The coefficient of determination (R²) values for the final models (see Table 1) fitted to the real and simulated data sets are quite high, suggesting that the use of the constant N_e model should result in improved N_e estimates compared to the values calculated directly from the AMFS data in each station network.

The comparison of the fitted N_e values for the real data computed using Equation (1) and those by the spatial dependence Equation (2) are shown in Figure 4. The figure below illustrates that the scatter in the spatial dependence model estimates increases with increasing N. The scatter may also be attributed to natural and sampling variability from site to site, given that the concurrent record length for analysis was very modest. Figure 4 and Table 1 show the overall satisfactory performance of Equation (2), as far as practical application is concerned.

4. Results

4.1. Development and Calibration of LFRM for Australian Data

The selected Q_max (1 and 3) (i.e., the top 1 and 3 maximum data points from each station’s AMFS data, referred to as Q_max), are first standardised by the at-site average of the AMFS data (mean), and then plotted in the (CV, Q_max/mean) plane.
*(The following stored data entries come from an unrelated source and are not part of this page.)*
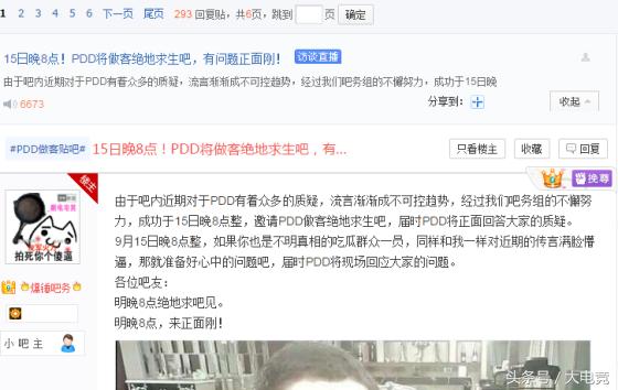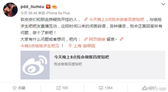 近日英雄联盟知名主播PDD在玩绝地求生时被网友质疑开了外挂,还公布出了视频。不过对此PDD予以否认并在三天前直播中亲自解释了一番,但是似乎并没有什么太大效果还是有人在质疑。于是PDD在今天宣布将在今晚直播回答网友在贴吧的提问。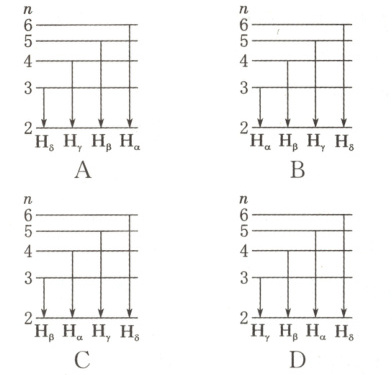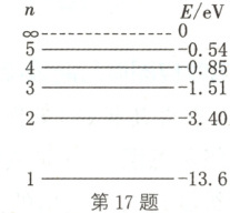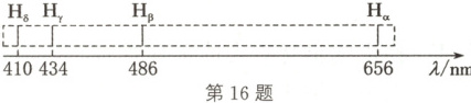 16.B 解析:由图可知,$H_{\alpha}$波长最长,则频率最小,能量最小,根据能级跃迁过程中能量关系有$\Delta E = E_{m} - E_{n}$,可知,$H_{\alpha}$是由第3能级跃迁到第2能级产生的,选项B正确。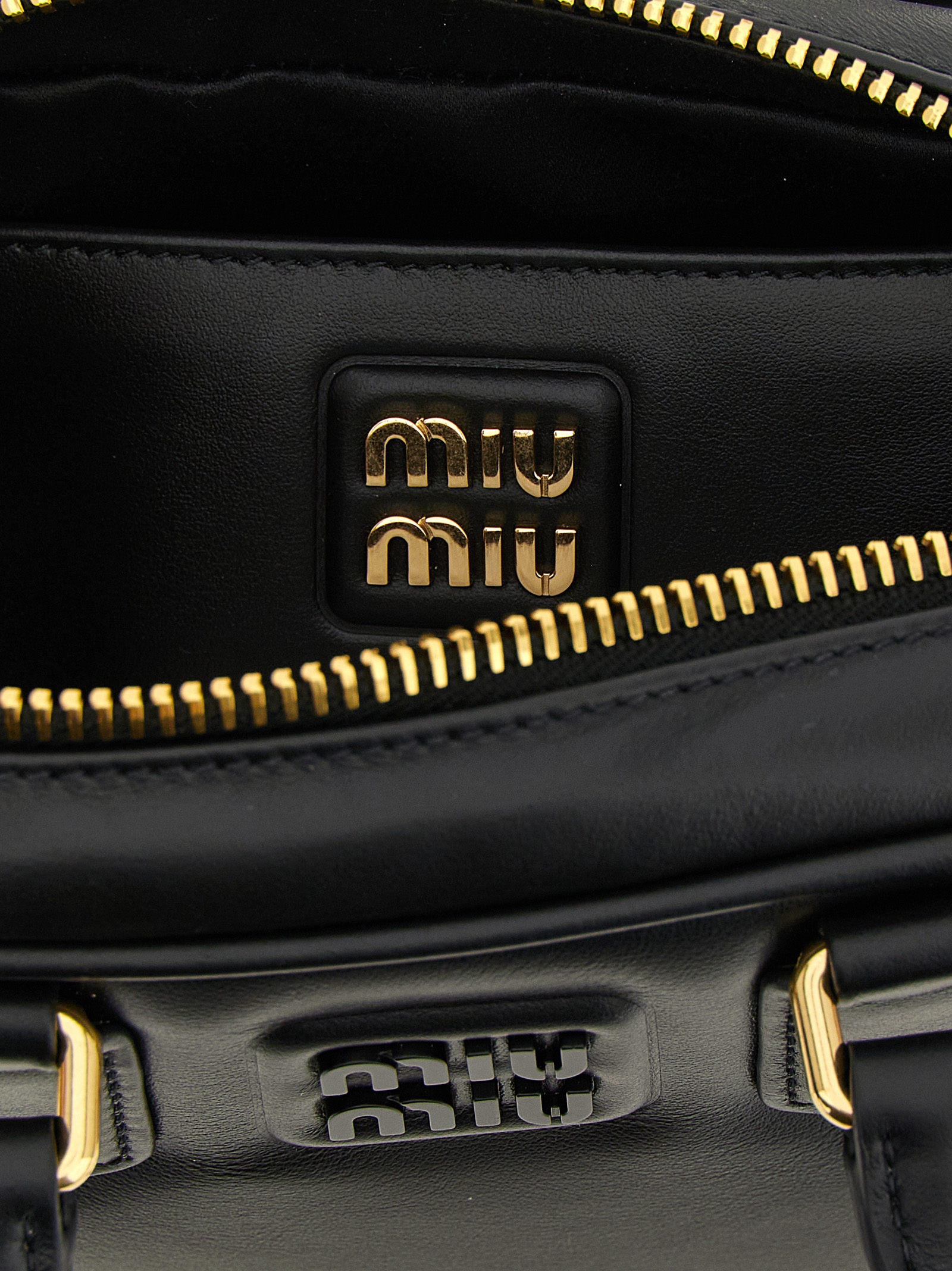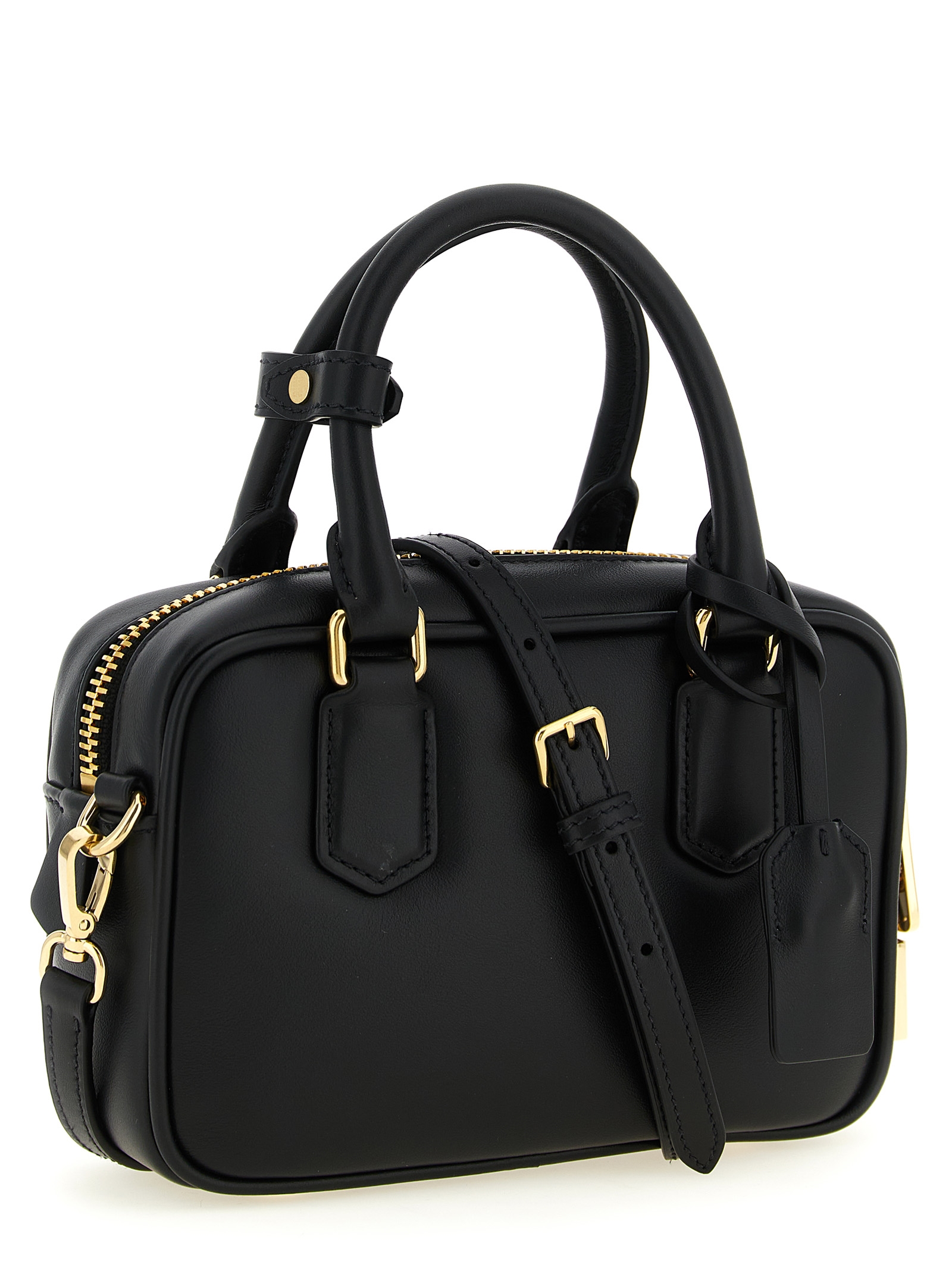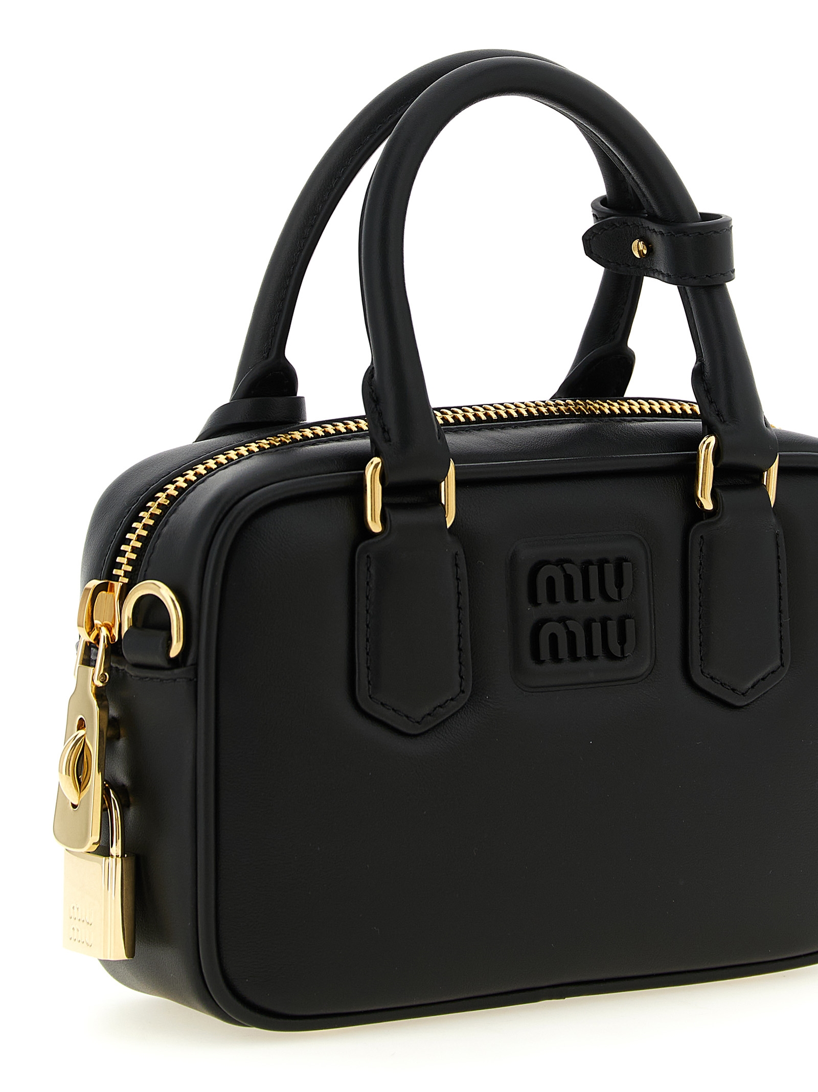 ‘Arcadie’ lightly padded nappa leather mini handbag, tone-on-tone metal lettering logo on the front, removable metal padlock detail, top zip closure, double fixed handle, rigid bottom with metal feet, cotton satin lining, adjustable and removable shoulder strap.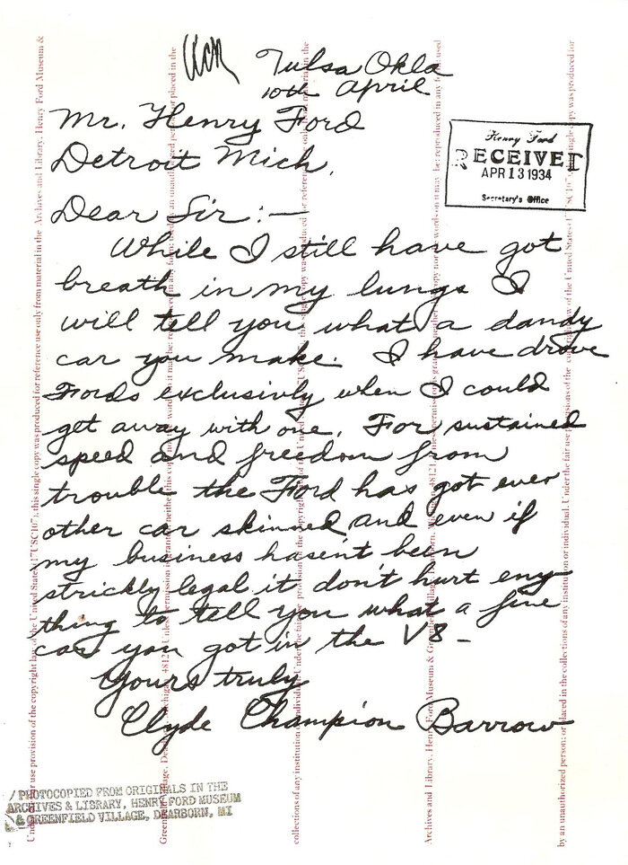 Однажды в штаб-квартиру Ford Motor Company доставили огромную кучу корреспонденции. Помимо обычных писем, там обнаружилось одно, которое сразу же было направлено Генри Форду лично в руки. Письмо написал Клайд Бэрроу, чье имя больше известно в словосочетании "Бонни и Клайд". Известнейший гангстер того времени пишет благодарственное письмо главному промышленнику Америки и восхваляет его за автомобиль, который помогает ему скрываться от полиции и ездить по всей стране. Текст письма полностью: Мистеру Генри Форду, Детройт, Мичиган Дорогой сэр! Пока в легких хватает воздуха, я должен признаться – вы делаете потрясающие автомобили! Если мне нужно угнать машину и поблизости оказывается Ford, я всегда беру именно его. В плане высокой устойчивой скорости и надежности, Ford на голову превосходит все остальные тачки. Мой бизнес, к сожалению, не назовешь особо законным, тем не менее считаю своим долгом сообщить — Ford V8 просто прекрасный автомобиль. Искренне ваш, Клайд Чемпион Бэрроу” Для тех, к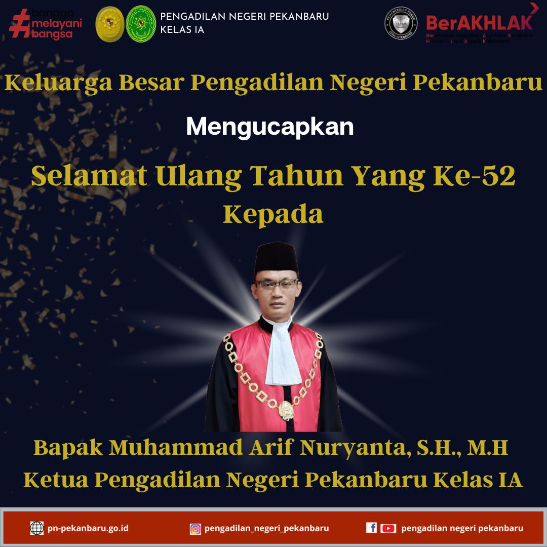 Keluarga Besar Pengadilan Negeri Pekanbaru Kelas IA Mengucapkan Selamat Ulang Tahun Yang Ke-52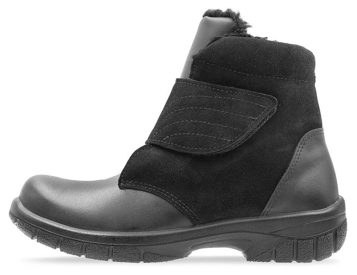 Lämpimät talvinilkkurit tilavalla XL-lestillä. Leveän tarrakiinnityksen ja venykkeen avulla nilkkurit ovat helppo pukea jalkaan. Päällinen kestävää pintanahkaa ja haljasnahkaa, jotka on käsitelty vettä ja likaa hylkiväksi. FlexStep®-joustopohja pysyy joustavana myös pakkasella. Paksu villateddyvuori yhdessä irrotettavien Thermo ALU -pohjallisten kanssa pitää jalat lämpiminä.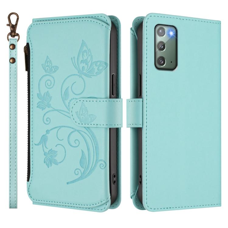 Funda de cuero con cremallera para Samsung Galaxy Note20, diseño de mariposas, flores y amor, con múltiples tarjetas (verde menta)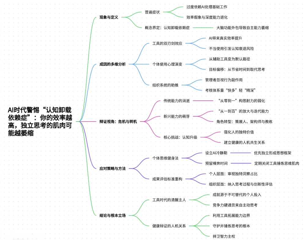 因此,在这个AI触手可及的时代,最大的智慧或许不是拒绝它,也不是沉迷于它,而是与之建立一种健康的、辩证的关系:尽情利用它拓展能力的边界,同时警醒地守护并锤炼自己思考的根。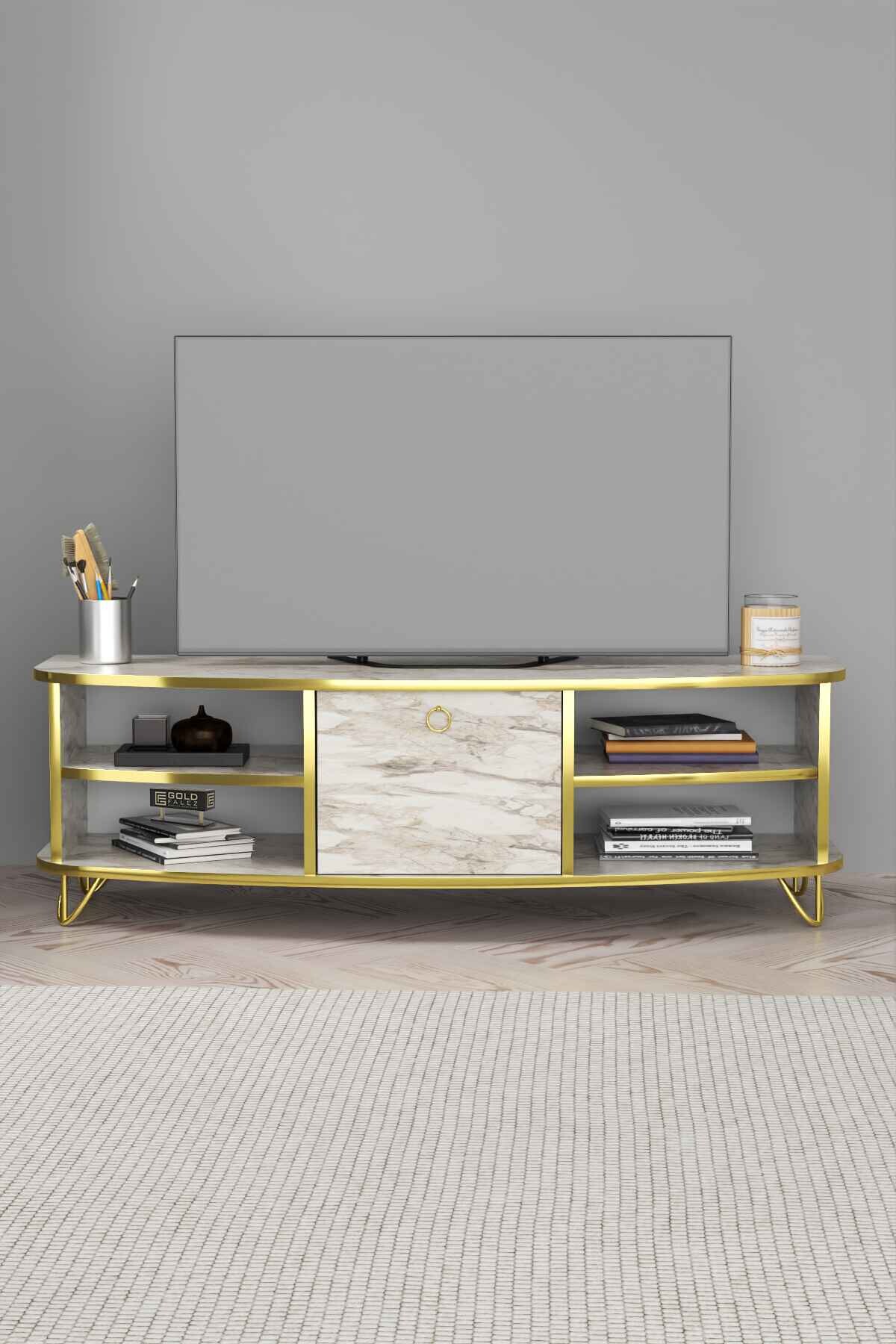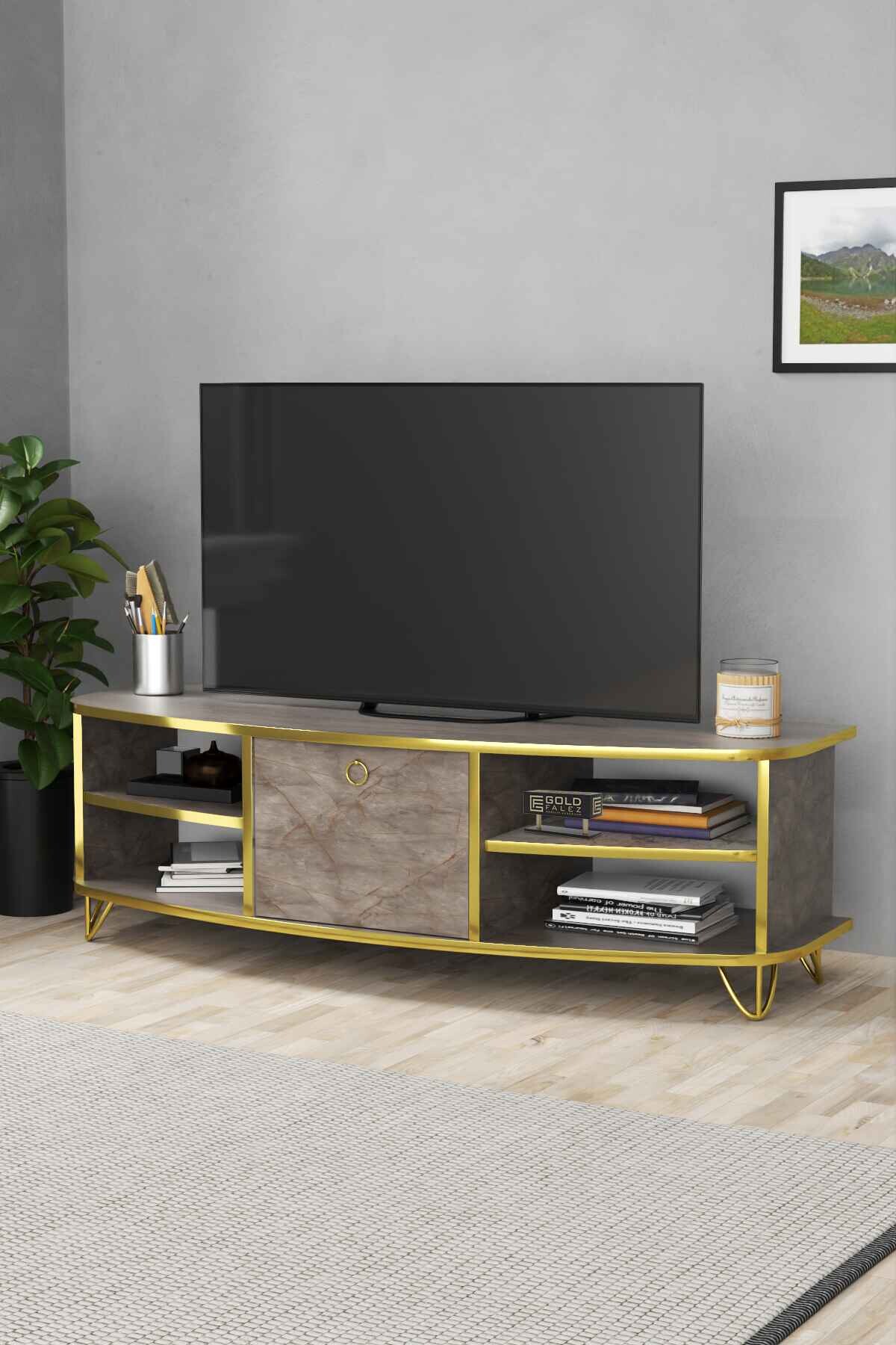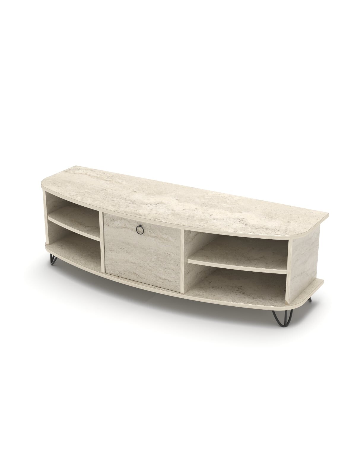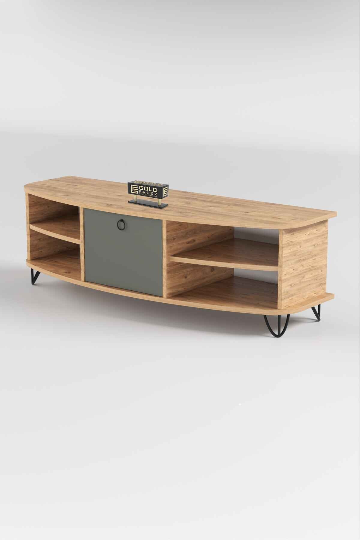 The wide top table provides an ideal usage area for televisions of various sizes, while the shelves with doors in the lower section offer a practical storage solution for satellite receivers, books, decorative objects and other electronic devices.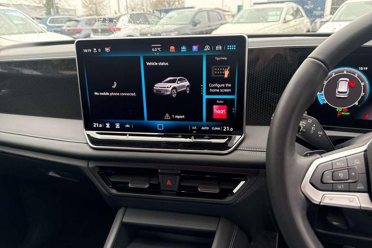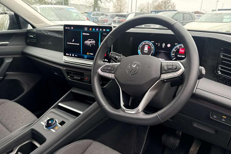 Adaptive cruise control (ACC), Advanced driver attention and drowsiness monitor, Bluetooth mobile phone interface, Digital Cockpit Pro - 10.25" high resolution dash display screen with customisable menus and information, Dynamic road sign display, E-Sim card for online connectivity, eCall emergency call service, Front Assist - Autonomous emergency braking with pedestrian and cyclist monitoring, Lane change system, Side assist, Rear traffic alert and Exit warning system, Lane keeping system Lane Assist, Multifunction front facing camera, Oncoming vehicle braking when turning including swerve support, Park assistance plus with front and rear parking sensors, Power assisted steering with speed sensitive, Start/stop system with regenerative braking, Warning signal and warning light for front and rear seatbelts not fastened, Wireless App-Connect, Front wheel drive, Digital radio reception (DAB), Diversity antenna for FM reception, Ambient lighting with logo projection, Auto dimming interior rear view mirror, Automatic headlight control system, Body coloured bumpers and air intake with chrome trim, Body coloured door handles, Body-coloured exterior mirror housings, Coming/leaving home lighting function, Heat insulating glass in side and rear windows, Heat insulating windshield, Heated rear window, High level 3rd brake light, Illuminated door handle recesses, Illuminated lightline between headlamps, Rain sensor windscreen wipers, Rear fog light on one side, reversing light on both sides, Rear side wing doors, Rear wiper, 12V outlet in center console rear and in luggage compartment, 12V socket in centre console, 3 bench rear seats in 2nd row, Air care climatronic 3 zone air conditioning system with rear air conditioning control panel, Carpet mats, front and rear, Centre console with illuminated storage compartment with sliding cover and two drinks holders, Ceramique headlining, Door and side trim panel in foam film and woven fabric, Front centre armrest, ISOFIX anchors for child seats on outer rear seats and front passenger seat compatible with i-Size, Mechanical rear seat release, Power adjustable lumbar support in front, Rear bench seat, split folding, longitudinally movable and folding with load-through hatch and centre armrest, Safety optimised front head restraints, Single front passenger seat, Sun visors with illuminated vanity mirrors, Three rear head restraints, Variable luggage compartment floor, Comfort package incl. Memory feature for Park assist and Safelock - Tiguan, Design package - Tiguan, 3 point seat belt for centre rear seats, 3 Point seat belts in front with pretensioners, 3 point seatbelts in outer rear with ECE label, Driver and front passenger airbag with front passenger airbag deactivation, Electronic parking brake with auto hold, Front and rear curtain airbags, Front and rear side airbags, Front centre airbag, Front disc brakes, Manual child proof rear door locks, Rear disc brakes, Two tone horn, Warning triangle, Anti theft wheel bolts, Soul instrument panel,

Figure 5 shows such a plot for (1 and 3 max) the study data set, consisting of 626 data points (1 max), 1878 data points (3 max) from 626 sites, which suggests the following relationship:

\frac{Q_{\max}}{mean} = c + {α CV}^{ψ}

(3)

The coefficients (

c, α, and ψ

) of Equation (3) were estimated by the maximum likelihood method for each of the plots in Figure 5. The estimated coefficients, along with their R² values, are provided in Table 2.

The R² values in Table 2 suggest that the estimated coefficients provide a reasonably good fit to the experimental data; this is more evident, however, when pooling the top 1 AMFS. When pooling 3 top maxima, a greater scatter is noticed, as can be seen in Figure 5; this is also supported by the drop in R² value. An important note is made here on whether the weaker relationship with CV is compensated for later on by having additional data points to define the lower end of the distribution. What can be observed from Table 2 is that the exponent

ψ

is appreciably greater than unity (as would be the case for a Gumbel distribution for 1 maxima) and decreases slightly with the pooling of more data (i.e., 3 max).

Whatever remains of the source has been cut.